═══ Exercise material

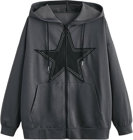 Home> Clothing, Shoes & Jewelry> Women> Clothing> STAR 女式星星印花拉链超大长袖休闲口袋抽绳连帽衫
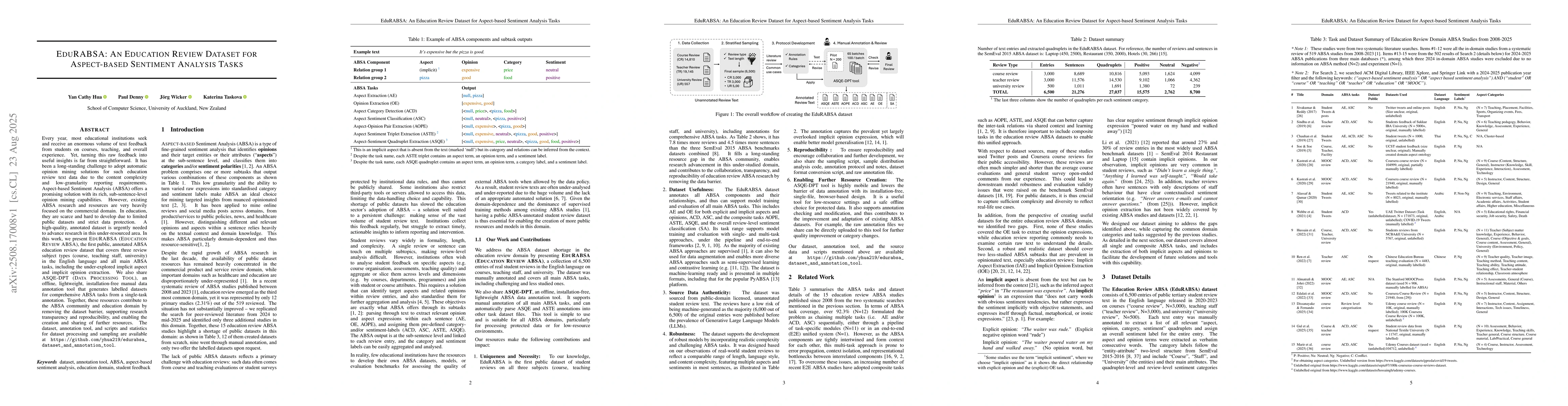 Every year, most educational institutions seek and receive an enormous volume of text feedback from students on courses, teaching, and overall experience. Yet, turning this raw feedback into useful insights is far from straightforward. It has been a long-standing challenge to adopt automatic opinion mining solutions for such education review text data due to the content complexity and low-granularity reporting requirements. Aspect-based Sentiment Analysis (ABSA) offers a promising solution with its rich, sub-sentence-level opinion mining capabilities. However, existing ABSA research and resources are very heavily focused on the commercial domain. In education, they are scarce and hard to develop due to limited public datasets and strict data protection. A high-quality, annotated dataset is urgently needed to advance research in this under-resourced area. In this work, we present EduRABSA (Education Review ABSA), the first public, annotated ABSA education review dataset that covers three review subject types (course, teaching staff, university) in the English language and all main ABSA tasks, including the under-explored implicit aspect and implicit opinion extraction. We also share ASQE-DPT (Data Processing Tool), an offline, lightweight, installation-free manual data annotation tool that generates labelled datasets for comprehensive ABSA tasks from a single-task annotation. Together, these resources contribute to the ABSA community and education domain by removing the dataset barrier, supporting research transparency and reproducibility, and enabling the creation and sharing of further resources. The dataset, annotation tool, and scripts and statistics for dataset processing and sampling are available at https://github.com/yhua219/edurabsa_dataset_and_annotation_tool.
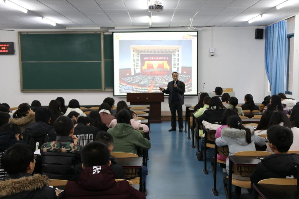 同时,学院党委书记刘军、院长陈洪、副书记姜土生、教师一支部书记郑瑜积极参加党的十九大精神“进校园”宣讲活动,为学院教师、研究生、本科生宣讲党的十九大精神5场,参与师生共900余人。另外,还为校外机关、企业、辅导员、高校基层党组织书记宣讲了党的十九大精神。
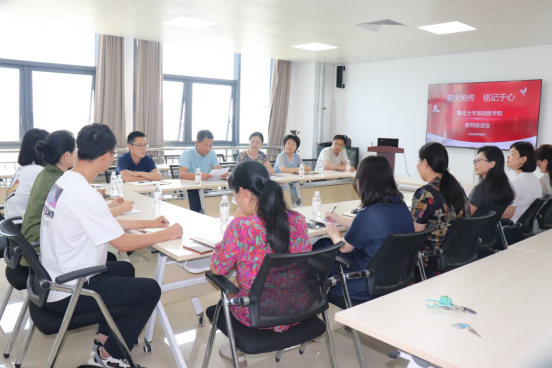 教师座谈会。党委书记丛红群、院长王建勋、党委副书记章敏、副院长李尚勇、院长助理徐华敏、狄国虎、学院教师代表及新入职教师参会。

══════
═══ Exercise material

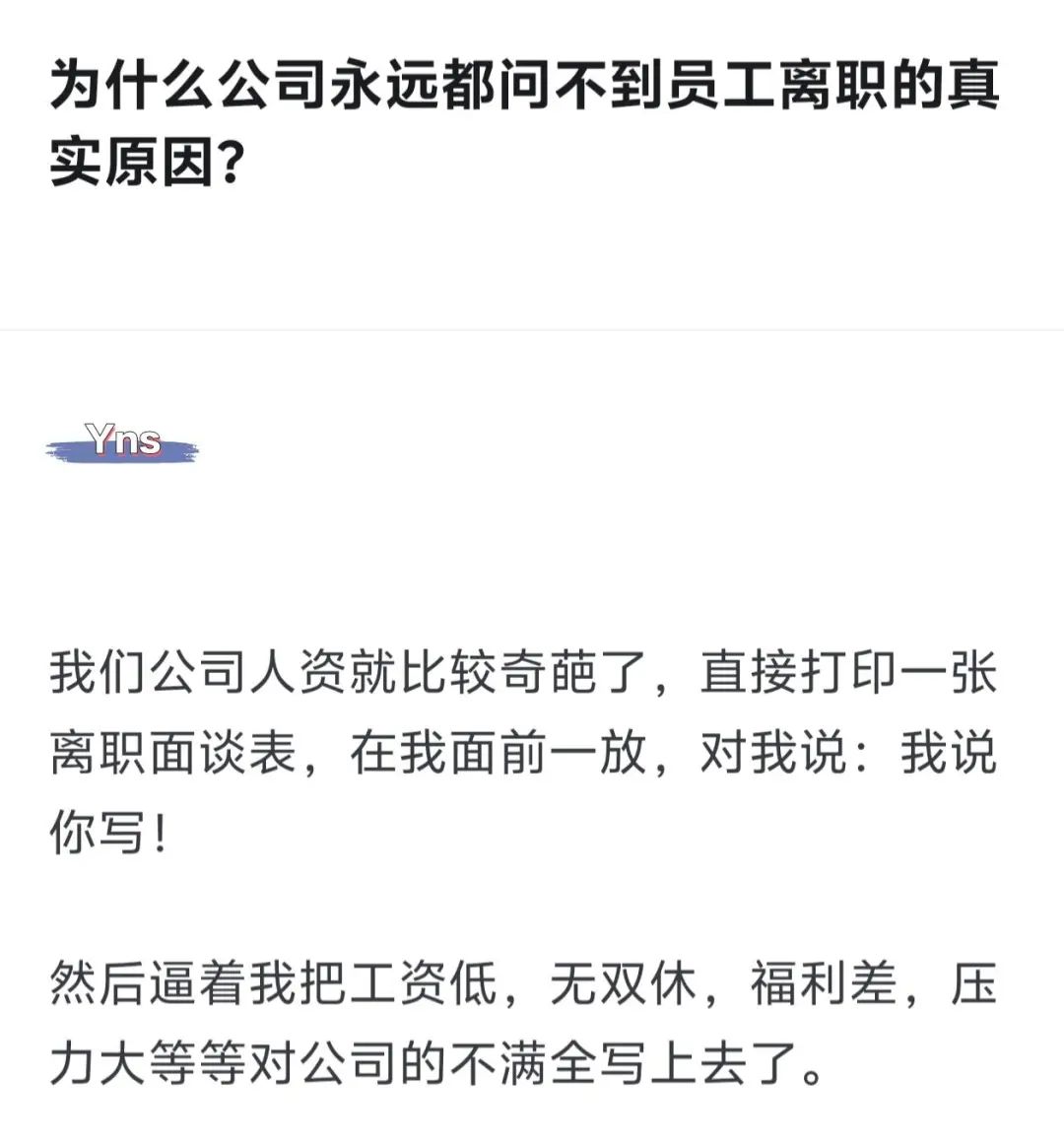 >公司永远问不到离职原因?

══════

* What needs to be done: Starting at the line containing "同时,学院党委书记刘军、院长" and stopping at the line containing "教师座谈会。党委书记丛红群、", output every line above exactly, both ends included, with pictures omitted.

* Task result:
 同时,学院党委书记刘军、院长陈洪、副书记姜土生、教师一支部书记郑瑜积极参加党的十九大精神“进校园”宣讲活动,为学院教师、研究生、本科生宣讲党的十九大精神5场,参与师生共900余人。另外,还为校外机关、企业、辅导员、高校基层党组织书记宣讲了党的十九大精神。
 教师座谈会。党委书记丛红群、院长王建勋、党委副书记章敏、副院长李尚勇、院长助理徐华敏、狄国虎、学院教师代表及新入职教师参会。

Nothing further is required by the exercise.